### [Your objective]
Please produce an exact copy of only the lines from the one with "オープン後2日間の「現在」と" through the last one of the material, without pictures.

-- Data provided follows --

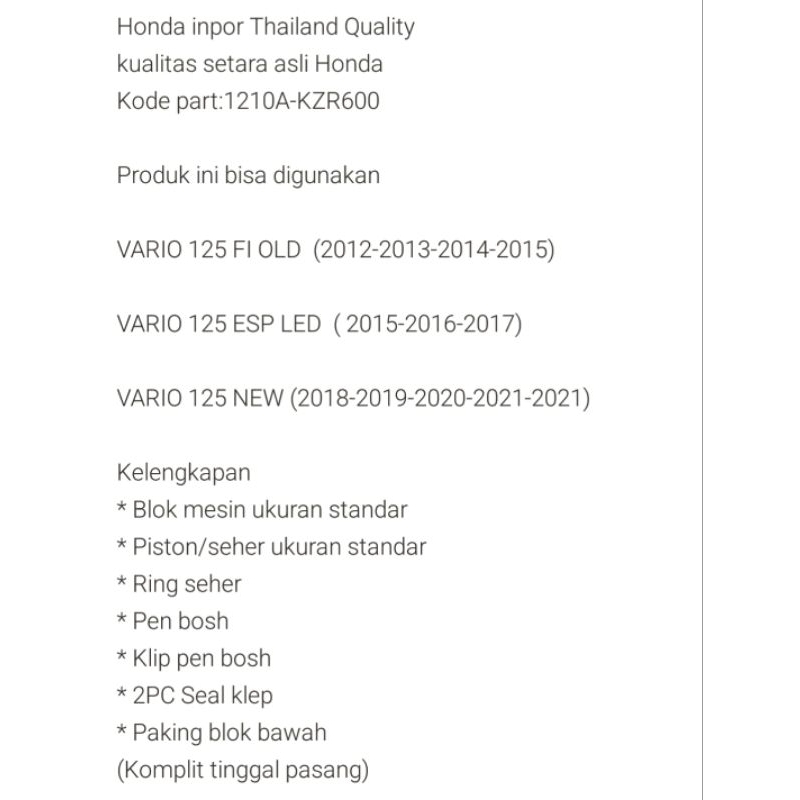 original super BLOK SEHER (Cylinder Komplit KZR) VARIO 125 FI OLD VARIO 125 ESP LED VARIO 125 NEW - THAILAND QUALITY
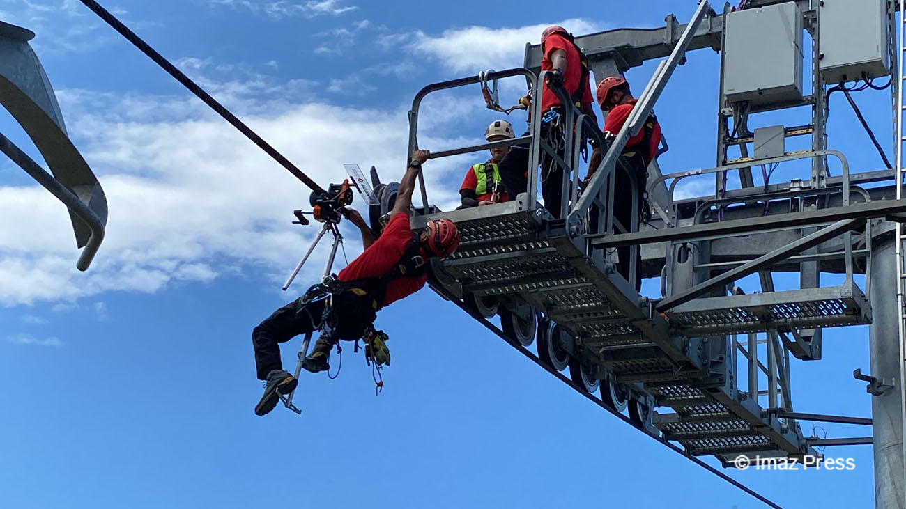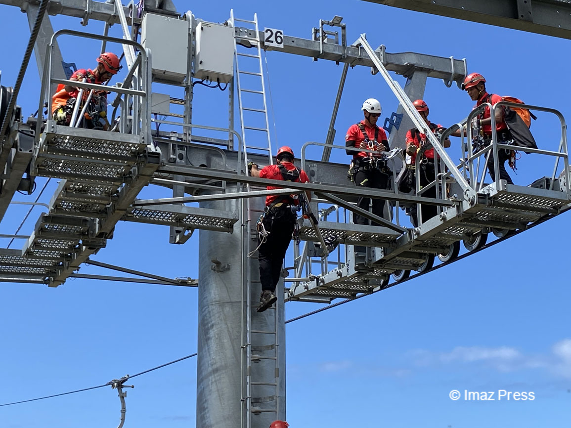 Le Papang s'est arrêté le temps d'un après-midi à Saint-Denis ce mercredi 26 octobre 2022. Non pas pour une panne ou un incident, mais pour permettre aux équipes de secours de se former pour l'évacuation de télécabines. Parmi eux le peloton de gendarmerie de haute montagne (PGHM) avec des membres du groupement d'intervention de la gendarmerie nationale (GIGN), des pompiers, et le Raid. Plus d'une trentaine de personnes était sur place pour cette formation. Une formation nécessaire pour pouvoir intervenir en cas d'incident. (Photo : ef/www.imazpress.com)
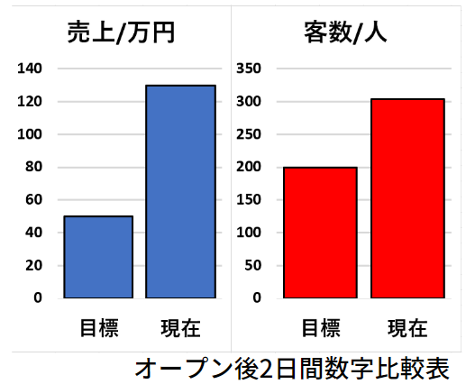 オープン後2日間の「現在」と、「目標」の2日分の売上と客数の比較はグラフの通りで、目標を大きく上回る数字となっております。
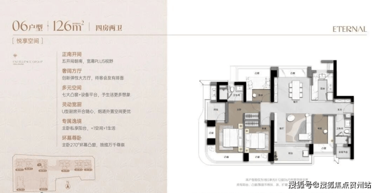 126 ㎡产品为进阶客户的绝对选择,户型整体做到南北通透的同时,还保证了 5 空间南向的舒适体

-- Data provided concluded --

### [Exercise answer]
 オープン後2日間の「現在」と、「目標」の2日分の売上と客数の比較はグラフの通りで、目標を大きく上回る数字となっております。
 126 ㎡产品为进阶客户的绝对选择,户型整体做到南北通透的同时,还保证了 5 空间南向的舒适体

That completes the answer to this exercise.